The existence of former races of animals does not depend solely upon the remains which their structure has left in the form of their bones, teeth, or other solid parts. We have sufficient evidence to shew, that forms, of which we have no particle left, have at various times been inhabitants of portions of our earth, leaving no other traces of their former existence save their footprints on the soil over which they traversed.

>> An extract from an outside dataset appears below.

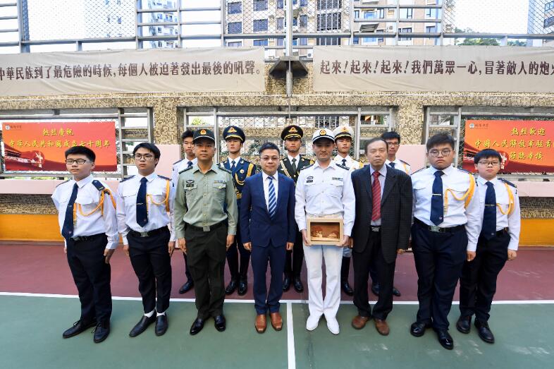 培僑中學校方向駐港部隊儀仗隊官兵致送紀念品。中新社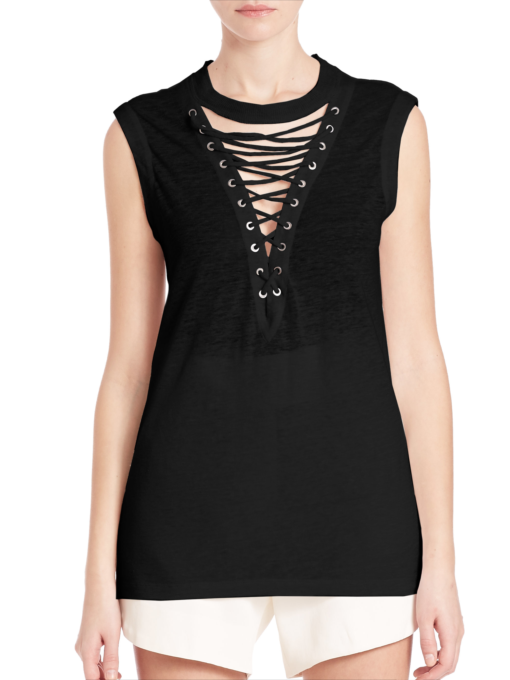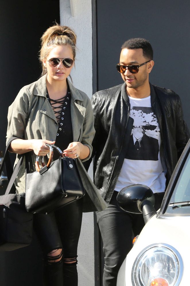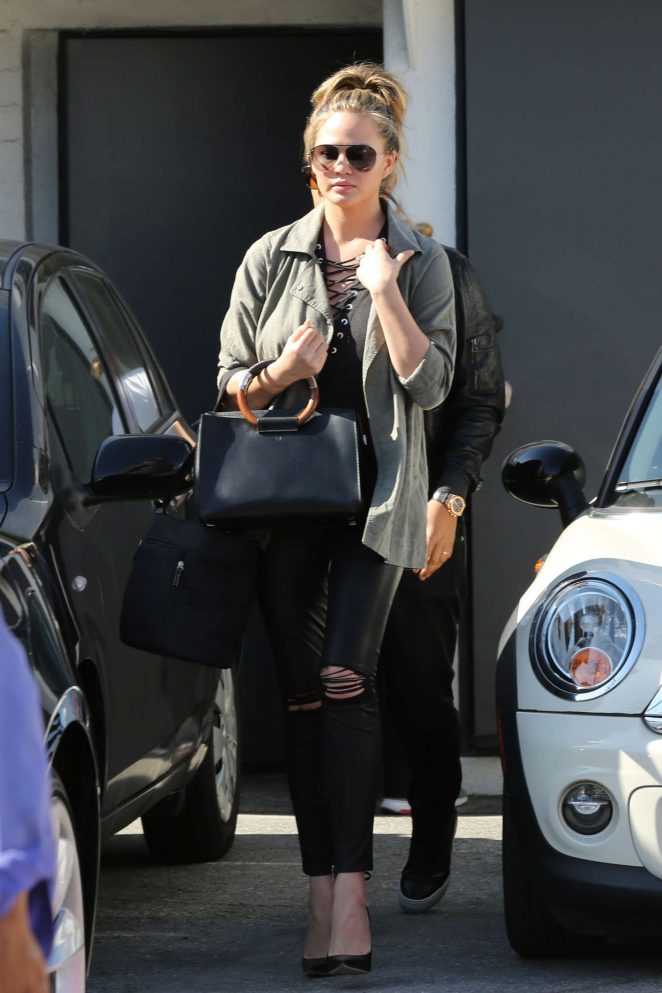 Chrissy Teigen exited a salon in LA, sporting a $198 Rails Sage Nadia Trench, $228 IRO Black Tissa Lace Up Tank, and The Row Round Handle Tote Bag:

The description of these footprints, and the inferences which have been drawn from them, has given rise to a branch of paleontology called Ichnology, and to this branch we are indebted for many important additions to our geological knowledge. The Indian hunter, as he pursues that vocation to which he owes his existence, acquires information concerning the various kind of animals which are likely to become his spoil, from the impress which they have made during their progress from one place to another; and the ichnologist, by examining the different tracks which he finds on the several beds of sandstone, arrives at a knowledge of the animals which have formed these tracks, and also infers from them what were the circumstances and conditions required by these animals when they were tenants of the sandy shore, which at early periods margined the tremulous sea.